Problem => From the first line to the last, restate the material word for word, omitting pictures.

□ □ □ □ □

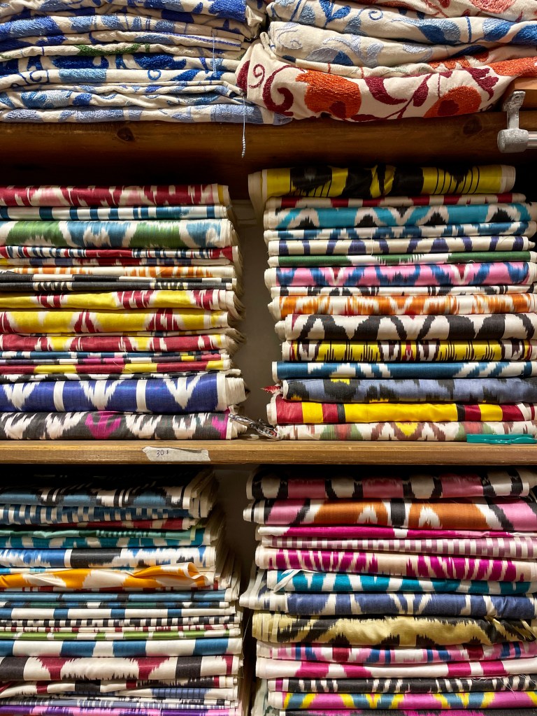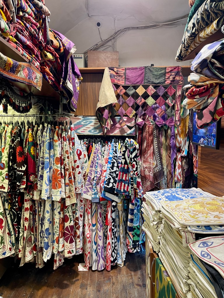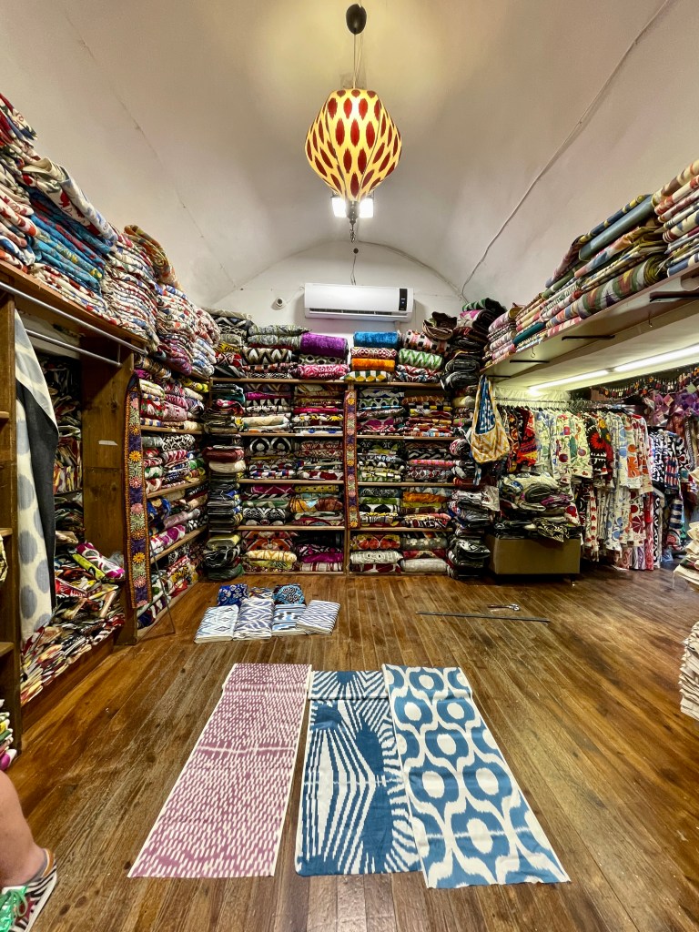 We were ushered into a shop filled floor-to-ceiling with Uzbek fabrics of every pattern and color imaginable. The shopkeepers immediately offered us tea (“chai”), coffee, or water (“su”), as is customary. It was so bloody hot that we gladly accepted a cool drink. Owing to their faith in Mandy’s choice of company (as well as, no doubt, our foreign change purses), we were left alone to make the store our personal closet.
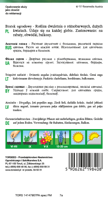 Bratek ogrodowy – Roślina dwuletnia o bardzo dużych kwiatach. Udaje się na każdej glebie. Zastosowanie: na rabaty, obwódki, balkony.
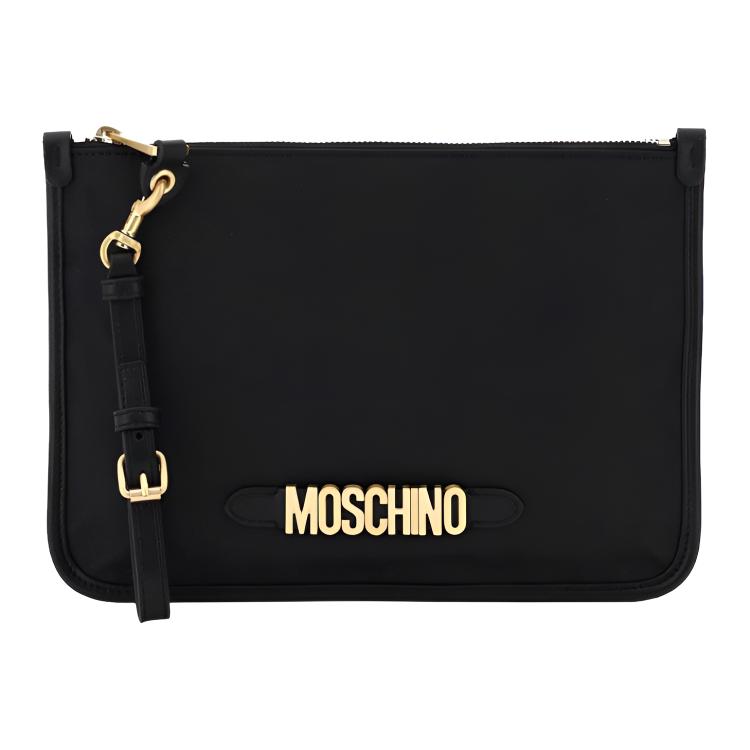 Moschino Front Metal Logo Detachable Wrist Handle Cotton Nylon PU Leather Clutch Women clutch Black 211735AAV000002-1555
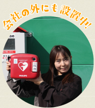 車両の外部にAEDを搭載していますので、もしもの時にご自由にお使いください。
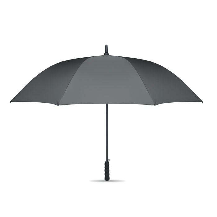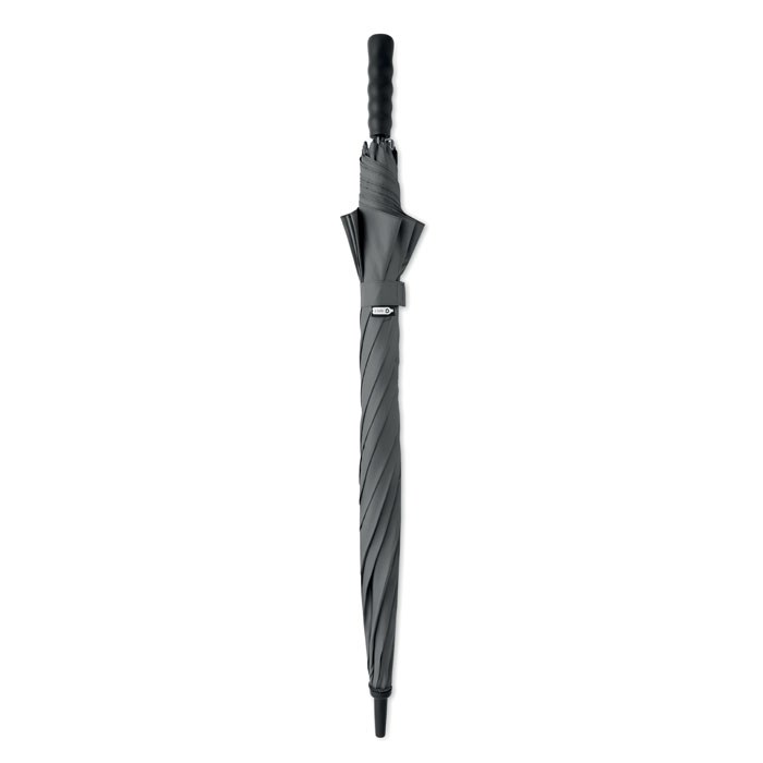 Parapluie coupe-vent 27 pouces à ouverture automatique en pongé RPET 190T. Mât et baleines en fibre de verre. Poignée en paille de blé et ABS recyclée. Embouts et capuchon en plastique.
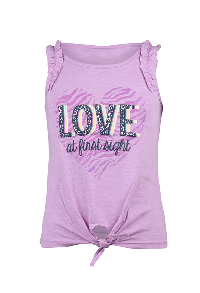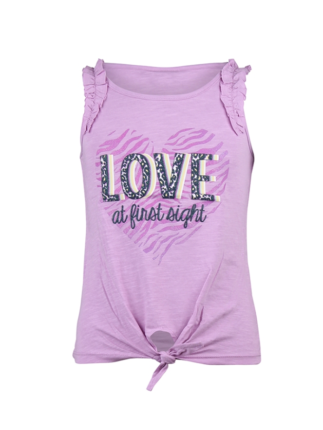 Hemd van Persival. Het hemd heeft ruche schouderbanden en is geknoopt aan de onderkant. Op de voorkant is een zebra print hart met een glitter tekst er op. Materiaal: 100% katoen. Wassen op 30 graden, niet bleken, niet in de droger, kan gestreken worden (print niet)
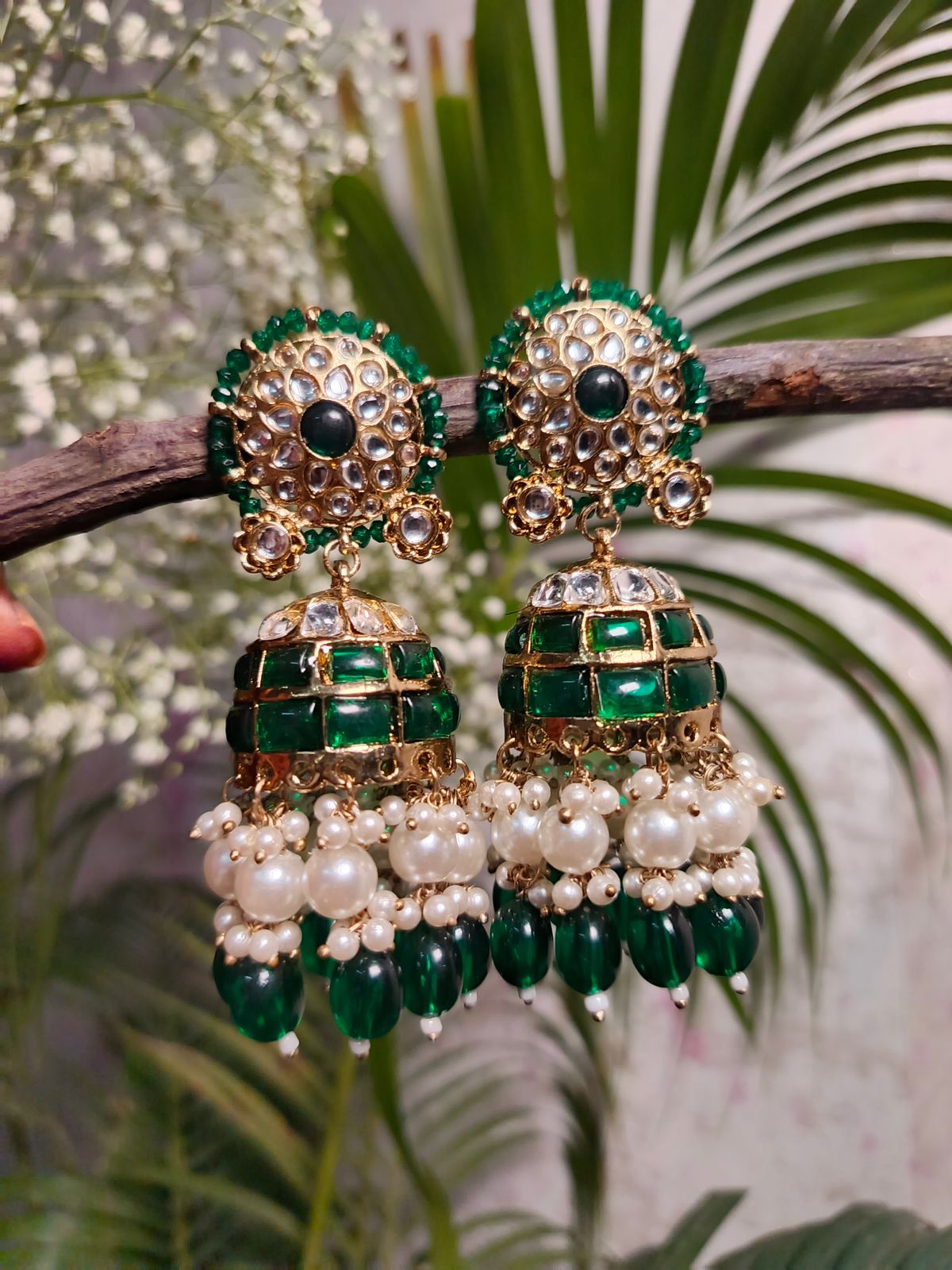 These striking Kundan and Meenakari jhumkas are a must-have for your ethnic jewellery collection. The top stud is a beautiful floral design with intricate Kundan work and a vibrant red stone at its center, surrounded by green stones. The main bell-shaped part of the jhumka features a rich, deep-green enamel finish. A delicate fringe of lustrous pearls and deep red beads hangs below, completing the regal look. These traditional jhumkas are perfect for adding a touch of classic elegance to your festive, wedding, or party outfits.
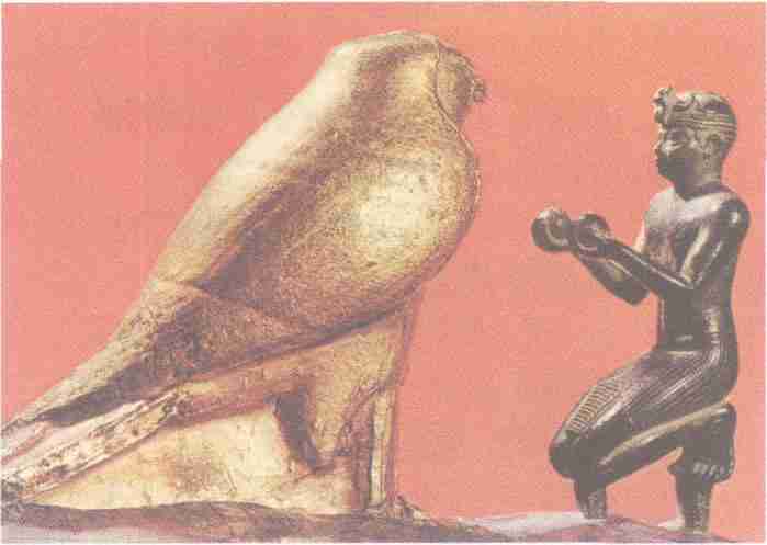 献给神鹰荷美两杯神酒的国王塔哈卡 (片岩·木材·青铜·台座镀银鹰身涂金) 公元前689-680年
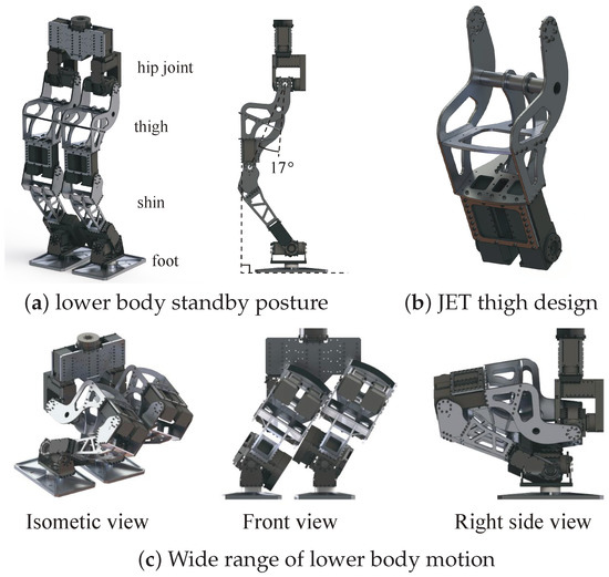 In addition to overcoming the above THORMANG limitations, to achieve compliance, whole-body motion capability, and easy maintenance, as mentioned in Section 1, the following three philosophies were adopted as the JET design goals.

□ □ □ □ □

The answer =>
 We were ushered into a shop filled floor-to-ceiling with Uzbek fabrics of every pattern and color imaginable. The shopkeepers immediately offered us tea (“chai”), coffee, or water (“su”), as is customary. It was so bloody hot that we gladly accepted a cool drink. Owing to their faith in Mandy’s choice of company (as well as, no doubt, our foreign change purses), we were left alone to make the store our personal closet.
 Bratek ogrodowy – Roślina dwuletnia o bardzo dużych kwiatach. Udaje się na każdej glebie. Zastosowanie: na rabaty, obwódki, balkony.
 Moschino Front Metal Logo Detachable Wrist Handle Cotton Nylon PU Leather Clutch Women clutch Black 211735AAV000002-1555
 車両の外部にAEDを搭載していますので、もしもの時にご自由にお使いください。
 Parapluie coupe-vent 27 pouces à ouverture automatique en pongé RPET 190T. Mât et baleines en fibre de verre. Poignée en paille de blé et ABS recyclée. Embouts et capuchon en plastique.
 Hemd van Persival. Het hemd heeft ruche schouderbanden en is geknoopt aan de onderkant. Op de voorkant is een zebra print hart met een glitter tekst er op. Materiaal: 100% katoen. Wassen op 30 graden, niet bleken, niet in de droger, kan gestreken worden (print niet)
 These striking Kundan and Meenakari jhumkas are a must-have for your ethnic jewellery collection. The top stud is a beautiful floral design with intricate Kundan work and a vibrant red stone at its center, surrounded by green stones. The main bell-shaped part of the jhumka features a rich, deep-green enamel finish. A delicate fringe of lustrous pearls and deep red beads hangs below, completing the regal look. These traditional jhumkas are perfect for adding a touch of classic elegance to your festive, wedding, or party outfits.
 献给神鹰荷美两杯神酒的国王塔哈卡 (片岩·木材·青铜·台座镀银鹰身涂金) 公元前689-680年
 In addition to overcoming the above THORMANG limitations, to achieve compliance, whole-body motion capability, and easy maintenance, as mentioned in Section 1, the following three philosophies were adopted as the JET design goals.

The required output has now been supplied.